Our Winter Ride
I have started writing this week's blog many times the last few days, never certain how to sum up the world right now. Everywhere I turn, no matter who I speak to, the mood is the same. As winter is finding its way in with the first snow this week and colder temperatures the "blah" feeling is all encompassing.
While the last nine months have been more challenging than we could have imagined we found ways to “live” outside safely- to see family and friends and even some days find adventures. As we are forced inside I am having a hard time accepting again a shift in our normal back to a more isolated lifestyle- to lose the outlet we all need. I trust like every other shift we will find our way but the next two months feel daunting at best.
And yet, I should know this is the way this kind of ride works, we go up and down and we have to hang on trusting that eventually our dips will rise again. I think my own recovery is also at play as I am still healing slower than anticipated. But unlike how I normally function, I am letting myself rest when I need to. I am asking for help -something I do not do easily and I am trying to give myself the space to heal- to be kind to myself.
I think that is what we all need to remember right now- be kind to yourself. The end of this year will look different than any of us have known before and I anticipate we will all in the next week or two have a hard day - when life feels impossible and lonely and not very festive. And I remind myself it is OK to feel this - to be in that moment upset - and I do not have to rationalize it or apologize for it or even immediately fix it. I can just be and do whatever I need to do.

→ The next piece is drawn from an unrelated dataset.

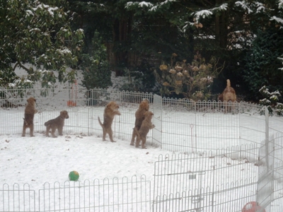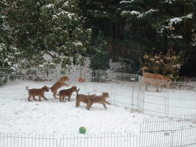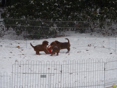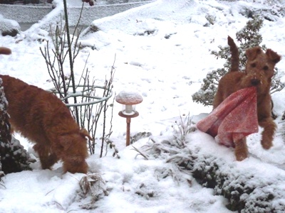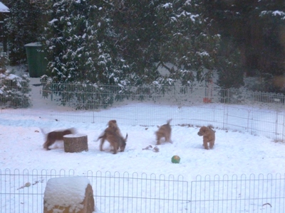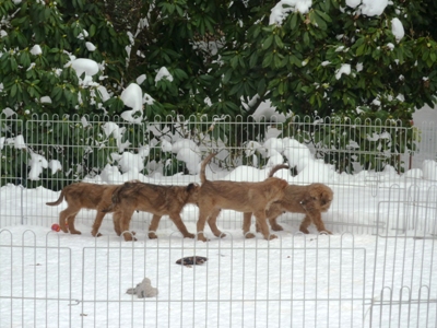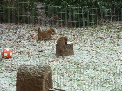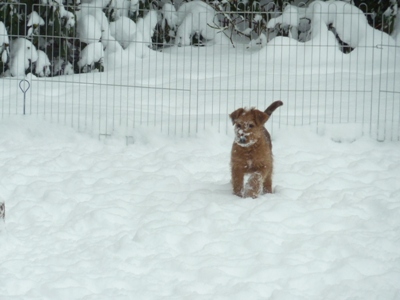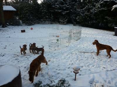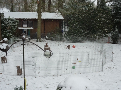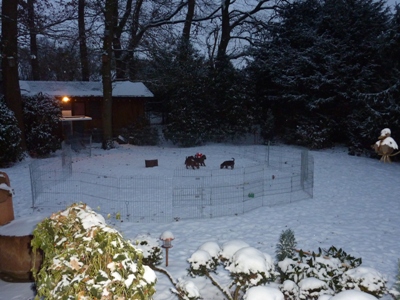 Den Schnee finden wir einfach super. Wenn es uns zu kalt wird, gehen wir einfach schnell in unser warmes Häuschen und wärmen uns wieder auf. Dann geht's gleich wieder los.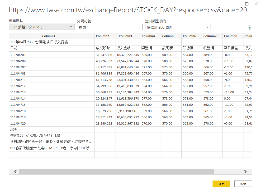 本次示範使用證交所的 個股日成交資訊,提供了使用 URL 搭配股價代號以及交易日期的方式取得 CSV 檔案。

I also remind myself that as a world we are in this together-connected by shared loss and heartbreak-and I have to believe hope. I know from my own rare disease ride much of my strength to push forward comes from feeling the support of my community-knowing that I do not have to do this solely on my own. Please know you are not alone. We will get through these harder days together, lifting each other up as we all look towards our better tomorrow’s.
And as my favorite poet Kai Skye (Pen name Brian Andreas) reminds us, that alone is worth celebrating, "Everywhere the world stopped and we heard our own hearts in the quiet saying, Reach out and lift each other up, if you wonder what there is to celebrate this year."